The hash table requires that its object implement the hashcode algorithm (or that an algorithm is injected into the constructor). The idea is that objects will have a "mostly" unique key per the hashcode algorithm. However, hash tables will allow multiple objects to exist for the same hash code because the algorithm does not guarantee uniqueness. Hash tables are most often used when there is not a well-defined key to map to the value. The hash code function is used to resolve a "region" of objects, then that subset of objects can be further scanned to complete the algorithm. Using a hashcode when you have a well-defined key is also more expensive because it only stores objects, not generic types, so boxing and unboxing will occur if the targets are value types.

Queue: First in Line, First to Eat!

The Queue is often compared to a physical line. In the lunch line, the first person in the line is also the first person to leave the line (usually). The queue functions this way. To put someone in line, you call the Enqueue method. To get the person at the front of the line (the next one to "leave") you call the Dequeue method.

For an idea of how the Queue collection could be used, consider this practical example: syslog. Syslog is a standard way for network equipment to broadcast status. By default, syslog messages are sent to a host via the UDP protocol on port 514. UDP, unlike TCP/IP, is a disconnected protocol (it doesn't wait for nor require a response, and does not support routing of large packets that must be broken into chunks and reassembled). While you can configure what hardware sends for syslog, some equipment can be incredibly verbose and send out dozens of status updates every second.

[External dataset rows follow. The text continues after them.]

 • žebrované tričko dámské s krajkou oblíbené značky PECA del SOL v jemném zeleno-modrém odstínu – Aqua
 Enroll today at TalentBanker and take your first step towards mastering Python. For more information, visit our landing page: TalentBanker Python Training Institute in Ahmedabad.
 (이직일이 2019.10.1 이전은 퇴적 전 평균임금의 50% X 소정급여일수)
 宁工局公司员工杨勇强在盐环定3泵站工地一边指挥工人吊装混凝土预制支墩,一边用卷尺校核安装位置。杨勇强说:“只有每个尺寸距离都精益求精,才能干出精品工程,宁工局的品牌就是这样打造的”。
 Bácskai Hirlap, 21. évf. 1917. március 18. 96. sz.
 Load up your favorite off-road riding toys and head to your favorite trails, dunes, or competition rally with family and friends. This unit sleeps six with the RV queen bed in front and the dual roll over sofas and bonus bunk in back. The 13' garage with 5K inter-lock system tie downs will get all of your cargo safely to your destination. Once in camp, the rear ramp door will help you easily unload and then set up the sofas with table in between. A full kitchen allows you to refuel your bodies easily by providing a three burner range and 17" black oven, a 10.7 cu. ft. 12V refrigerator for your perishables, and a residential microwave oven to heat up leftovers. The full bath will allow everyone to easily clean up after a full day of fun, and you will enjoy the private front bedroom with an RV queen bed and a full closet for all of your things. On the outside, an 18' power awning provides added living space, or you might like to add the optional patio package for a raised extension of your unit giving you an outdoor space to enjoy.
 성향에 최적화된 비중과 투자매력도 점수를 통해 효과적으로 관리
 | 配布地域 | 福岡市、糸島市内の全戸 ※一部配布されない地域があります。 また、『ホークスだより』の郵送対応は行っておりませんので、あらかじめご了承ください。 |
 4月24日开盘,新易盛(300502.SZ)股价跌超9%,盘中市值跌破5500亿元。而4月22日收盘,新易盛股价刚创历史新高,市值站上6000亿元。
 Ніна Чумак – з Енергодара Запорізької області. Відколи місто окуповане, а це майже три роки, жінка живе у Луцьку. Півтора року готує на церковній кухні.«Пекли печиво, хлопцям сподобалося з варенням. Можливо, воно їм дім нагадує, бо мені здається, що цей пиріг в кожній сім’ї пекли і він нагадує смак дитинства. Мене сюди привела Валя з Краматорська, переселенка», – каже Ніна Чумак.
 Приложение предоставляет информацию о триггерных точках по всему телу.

Imagine writing a syslog server that retrieves these values from a listening UDP port. The thread listening to the port must be incredibly fast or it will block the port and miss important messages. In order to keep the listen port open, you could implement a synchronized queue. The listener would simply Enqueue the incoming message, then go back and listen to the next message. A background thread (or even several threads running simultaneously) could then call Dequeue to perform processing on those messages.

Most of the time you'll want to use the generically typed equivalent for the Queue to avoid boxing and unboxing.

SortedList

The sorted list is a hybrid between the List and the Dictionary. The keys in the list are sorted, so after adding values to the list, you can enumerate the keys and get the value in the sort order of the key. This might be useful to enumerate countries based on the country or perhaps files based on a key that includes their directory, etc.

Just Put it on the Stack

The stack is a very popular pattern for collections. It is a last-in first-out (LIFO) collection, compared to the queue which is FIFI (first-in, first-out). Stacks are important for composite operations that require a history of state. Calculators work by pushing operands and operators on the stack, computing the values, then popping those values to integrate into the next operation. Stacks are also important in recursive functions — if you wanted to recurse without using a method call, you'd loop instead and place your values on the stack, then pop them off until the stack is empty.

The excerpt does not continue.